For the past few years, Georgia Tech School of Interactive Computing Assistant Professor Munmun De Choudhury has pursued research that gathers insights about mental health through digital traces individuals leave behind on social media.
Under a new $2.7 million grant from the National Institutes of Mental Health (NIMH), she and a team of researchers at Northwell Health will apply that new information in a clinical setting in hopes of improving treatment.
“In our past research, we have gained a number of new insights, but I see an opportunity to influence real world people and outcomes,” De Choudhury said. “Going beyond just academic and empirical findings, how do you take that information and make a difference in people’s lives? What research challenges do such translations pose to the computing domain?”

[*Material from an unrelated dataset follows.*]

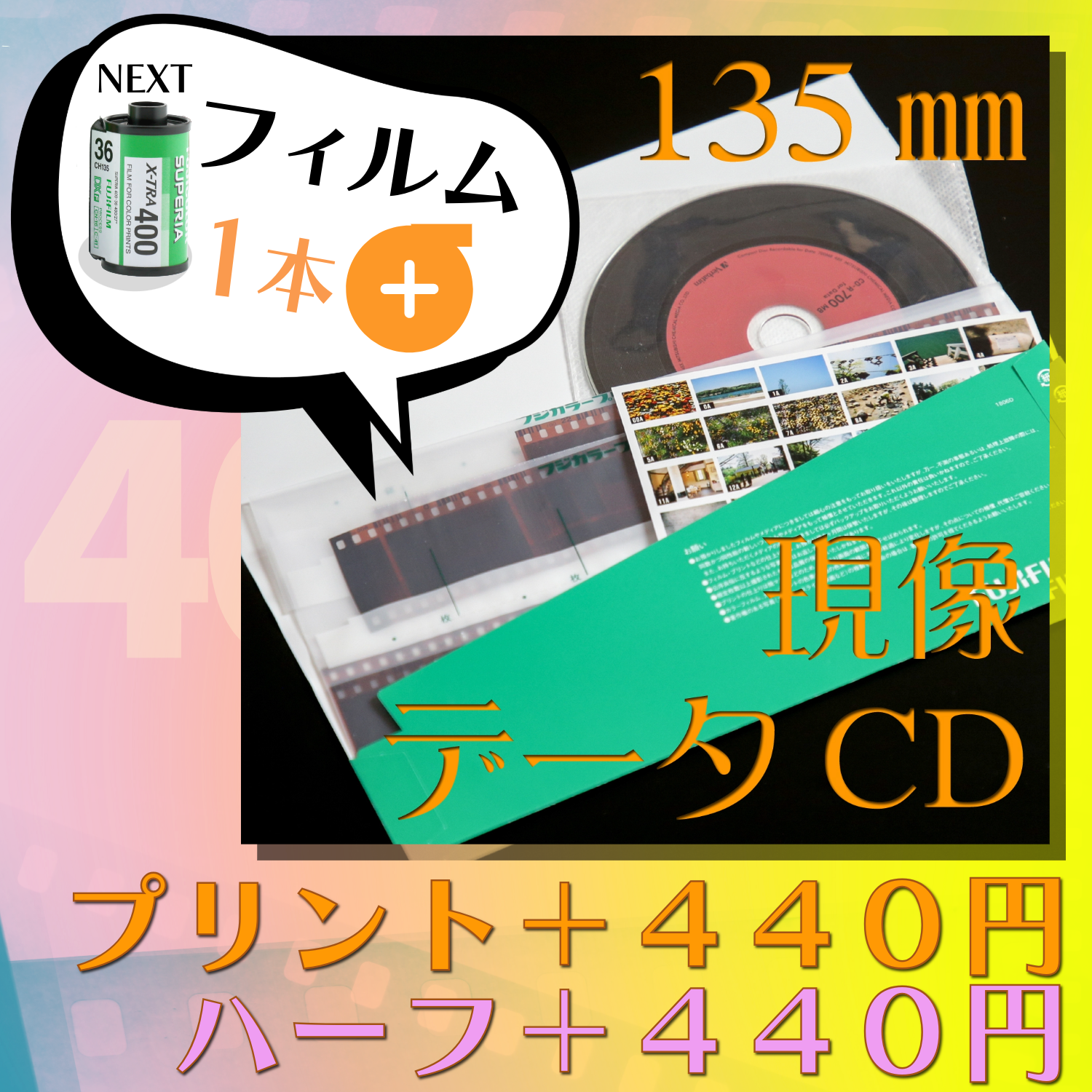 送料すえおき!プラス・フィルム400[現像+データ][+プリント]:カラーネガ135mmフィルム【フル/ハーフ】カラーネガフィルム現像 現像コースにフィルム1本ついてくる FUJICOLOR 400

This grant offers the researchers that opportunity. It will be one of the first in which computing researchers and leading experts in psychiatry research are coming together to influence how treatment can be delivered harnessing patient-contributed data. The grant is funded through a new NIMH program designed to inform and support delivery of high quality mental health services.
The idea is to build machine learning algorithms based on data that mental health patients voluntarily share with the research team, including both clinicians at Northwell Health and researchers in De Choudhury’s lab at Georgia Tech. With these algorithms, they hope to identify different risk markers and symptom changes that appear in social media posts to identify changes and trends in an individual over time.
By combing a number of different social media sources, primarily Facebook and Twitter, they will look at the use of words or patterns of words an individual uses. In mental illnesses like schizophrenia, the main population they will explore, that is important information to know.
“If they are feeling delusional or experiencing paranoia, what is it that they are saying,” De Choudhury said. “We can look at social interactions and see whether they might be feeling isolation, which can have a negative impact on mental health. Nuances of language styles, like the way people use articles or pronouns, can say a lot about their psychological state, as well, which has been shown in our and co-investigator (University of Texas Professor) Jamie Pennebaker’s prior work.”
The population they will focus on comprises younger individuals, largely teens and early 20s, who have had a first episode of schizophrenia. Most will have only recently been diagnosed and admitted to a specialized treatment facility directed by the collaborators on the project in New York. The goal is to use the information gathered in their digital traces to identify risk markers that signal a potential relapse.
“Schizophrenia is a challenging and debilitating illness,” De Choudhury said. “Even people under treatment have a high chance of relapse with negative outcomes on quality of life, productivity, and functioning. Symptoms often come back, and most mental illnesses are only managed, not cured.”
Better management means that the treatment is timely and highly adaptable to the patient’s needs, De Choudhury said. Unfortunately, that’s a challenge because, in clinical settings, there is very little knowledge about a patient’s day-to-day life. Unlike a disease such as cancer, which has an objective screening that can identify its presence and severity, mental illnesses are based on what is reported. These self-reports are often skewed, based on what a patient wants to tell or remembers.
“In some ways, the treatment paradigm right now is not very evidence based,” she said. “But to prevent relapse, it’s important that we try to be as precise and proactive as possible.”
The project will span four years and began on April 15.